[2025] UKUT 029 (AAC)
Upper Tribunal Administrative Appeals Chamber

[2025] UKUT 029 (AAC)

Fecha: 09-Dic-2024

Conclusions

10.

We also consider that, in the context of appeals against DBS decisions, the emphasis that courts and tribunals in other contexts place on it being reasonable to assume that someone who litigates accepts the incidence of publicity that comes with that should perhaps be given less weight. That is because the legislative scheme gives those who are subject to it an expectation that they will not be publicly named and because the right of appeal to the Upper Tribunal is an essential element of that same legislative scheme. The hearing before the Upper Tribunal in DBS cases is the “fair and public hearing … by an independent and impartial tribunal” with “full jurisdiction” which secures that the barring scheme under the SVGA 2006 is compliant with Article 6 of the European Convention on Human Rights. A decision to place someone on a barred list (or not to remove them) is a determination of an individual’s civil right to practise their profession and to work with children/vulnerable adults: see R (G) v Governors of X School [2011] UKSC 30, [2012] 1 AC 167 at [33]. Although in that case the Supreme Court rejected the argument that Article 6 applied at the earlier stage of the employer’s internal disciplinary proceedings, the Court proceeded on the assumption that Article 6 did apply to the decision-making of DBS’s predecessor, the Independent Safeguarding Authority (ISA), and that, as such, the availability of an appeal to the Upper Tribunal as a court of “full jurisdiction” ensured the scheme as a whole was compliant with Article 6: see [84] per Lord Dyson, [94] per Lord Hope and [101] per Lord Brown. It is therefore important that an appellant should not be deterred from exercising their appeal rights by the fact that an appeal to the Upper Tribunal might bring with it publicity from which they are otherwise protected under the statutory scheme.

11.

In this particular case, we are satisfied that the appellant’s right to privacy under Article 8 of the European Convention on Human Rights is engaged as the issues in the case are capable of significantly affecting her personal life and reputation, although the appellant has in fact been able to obtain alternative employment as a dental receptionist notwithstanding being placed on the barred list, so the impact on her of publicity would not be so great as in some cases.
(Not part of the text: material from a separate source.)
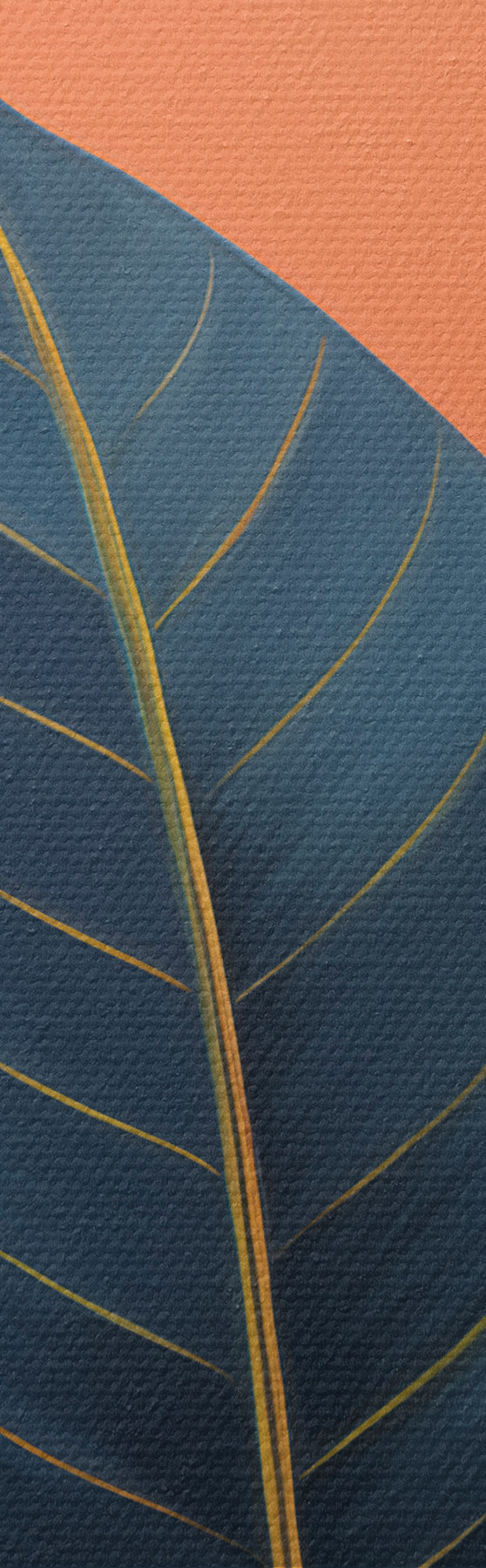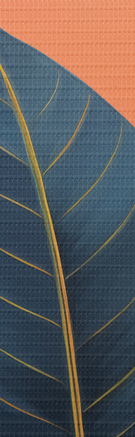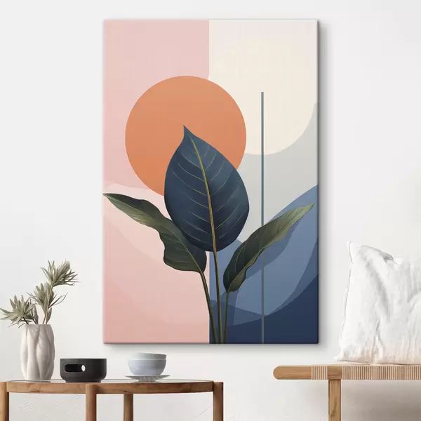 Obraz Tmavé listy na pozadí abstraktních tvarů v broskvové a šedé barvě s oranžovým kruhem Č. s47425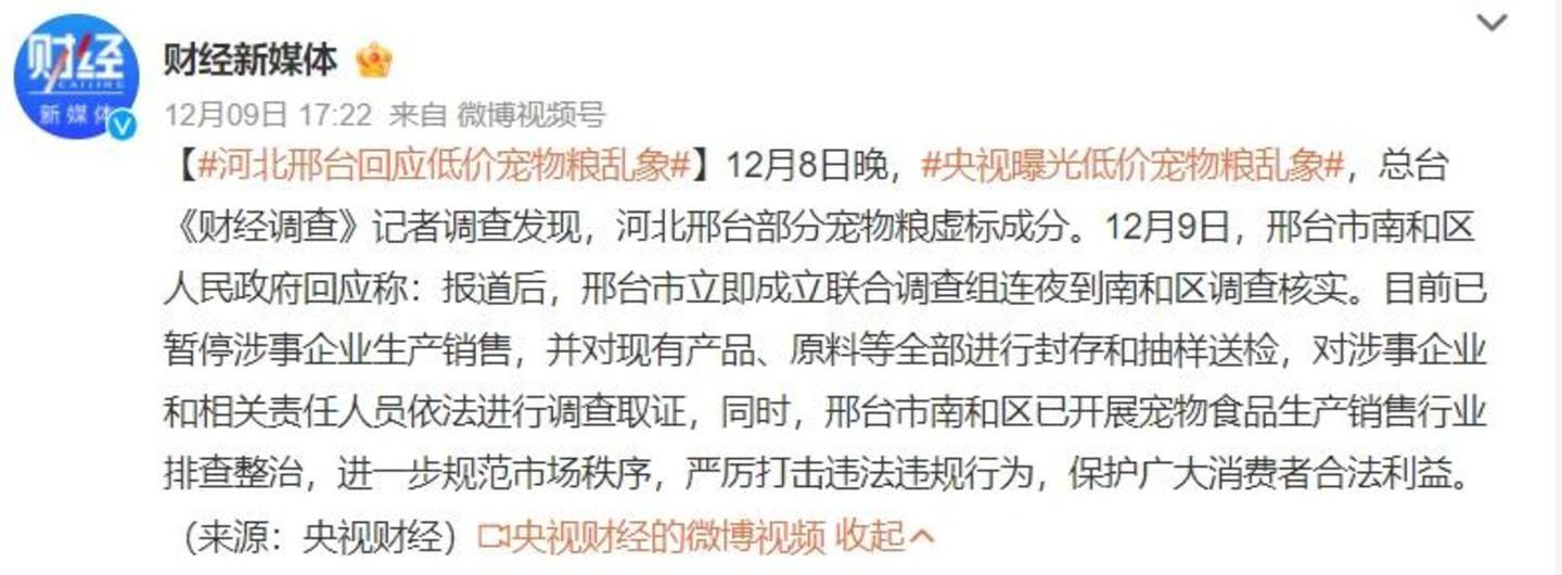 目前,邢台市南和区已开展宠物食品生产销售行业排查整治,进一步规范市场秩序,严厉打击违法违规行为,保护广大消费者合法利益。

We also place limited weight on the appellant’s Article 8 rights because she has not provided any evidence of the impact on her of publicity, beyond bare assertions that she wishes for privacy. However, revealing the appellant’s name would represent a significant departure from the statutory scheme that was evidently intended by Parliament to strike the appropriate balance between public interest and private rights in this context as explained in SXM. As we have noted, although it is often said that a claimant implicitly accepts publicity by commencing legal proceedings, it is hard to see why someone who exercises their statutory right to appeal DBS’s decision should be deprived of the privacy they would otherwise have enjoyed if they had not appealed but accepted the barring. There is also no particular public interest in anyone knowing the appellant’s name in this case beyond the important general principle of open justice. In this case, the principle of open justice is very nearly as well served by the public hearing and the publishing of this judgment without names as it would be with names.

12.

We are therefore satisfied that the appropriate balance in this case between the principle of open justice, Article 10 and the appellant’s Article 8 rights, is for the hearing and judgment to be public, but for the appellant to be anonymised.

13.

For anonymity to be achieved in practice in this case, it seems to us that this means the name of the pre-school in which the appellant worked must also not be made public as this was a relatively provision and we consider there is a high risk of the appellant being identified if the pre-school is identified. It also means in our judgment that the names of other individuals in the case should be anonymised as publishing the names of multiple individuals who all worked at the same time in the same place would in our judgment bring a risk of ‘jigsaw identification’.

14.

However, we are also satisfied that the other individuals in the case require anonymisation in their own right. Their Article 8 rights are also engaged. It may be said that the state (this Tribunal included) has a responsibility to protect the privacy of the children involved. As to other staff members, their personal reputations are not engaged to the same degree as the appellant’s, but some of them have been the subject of argument and allegations as to their professionalism or credibility. The proceedings relate to matters that occurred at their work some time ago which those involved would have had no reason to think would become public. These other staff members have not been involved in these proceedings, are probably unaware of the proceedings and have had no opportunity to answer any allegations made against them in these proceedings. These are all relevant factors as the TYU case makes clear. There is a real risk of unfairness to these staff members if their names are made public, and revealing their names would do little in this case to further the principle of open justice as their identities are not important to the facts of the case.

15.

All these factors mean that, even absent the considerations about the appellant, we would have made Rule 14 orders requiring the staff members and service users referred to in these proceedings to be anonymised.